DIRECTIONS
Within the records below, reproduce without change the lines from the line that has "配置的這條時產500噸的砂石" through the line that has "73742807 alte Postkarte", and only those.

** Opening RECORDS FOR THE TASK block **

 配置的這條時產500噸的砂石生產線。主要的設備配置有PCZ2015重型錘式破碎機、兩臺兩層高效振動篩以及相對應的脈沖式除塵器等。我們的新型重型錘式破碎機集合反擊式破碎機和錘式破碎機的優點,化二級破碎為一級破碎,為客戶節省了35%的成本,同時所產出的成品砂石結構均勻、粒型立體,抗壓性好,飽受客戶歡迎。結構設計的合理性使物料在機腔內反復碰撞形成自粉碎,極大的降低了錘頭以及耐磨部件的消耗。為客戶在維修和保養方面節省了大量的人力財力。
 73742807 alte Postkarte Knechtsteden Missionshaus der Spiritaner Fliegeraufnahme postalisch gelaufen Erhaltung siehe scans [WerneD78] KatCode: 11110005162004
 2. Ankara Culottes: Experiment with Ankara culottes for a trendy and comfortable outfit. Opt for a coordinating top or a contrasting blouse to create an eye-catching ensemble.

** Closing RECORDS FOR THE TASK block **
** Opening RECORDS FOR THE TASK block **

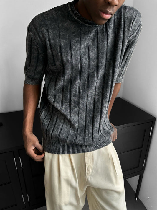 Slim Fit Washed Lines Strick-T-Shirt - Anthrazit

** Closing RECORDS FOR THE TASK block **

ANSWER AREA
 配置的這條時產500噸的砂石生產線。主要的設備配置有PCZ2015重型錘式破碎機、兩臺兩層高效振動篩以及相對應的脈沖式除塵器等。我們的新型重型錘式破碎機集合反擊式破碎機和錘式破碎機的優點,化二級破碎為一級破碎,為客戶節省了35%的成本,同時所產出的成品砂石結構均勻、粒型立體,抗壓性好,飽受客戶歡迎。結構設計的合理性使物料在機腔內反復碰撞形成自粉碎,極大的降低了錘頭以及耐磨部件的消耗。為客戶在維修和保養方面節省了大量的人力財力。
 73742807 alte Postkarte Knechtsteden Missionshaus der Spiritaner Fliegeraufnahme postalisch gelaufen Erhaltung siehe scans [WerneD78] KatCode: 11110005162004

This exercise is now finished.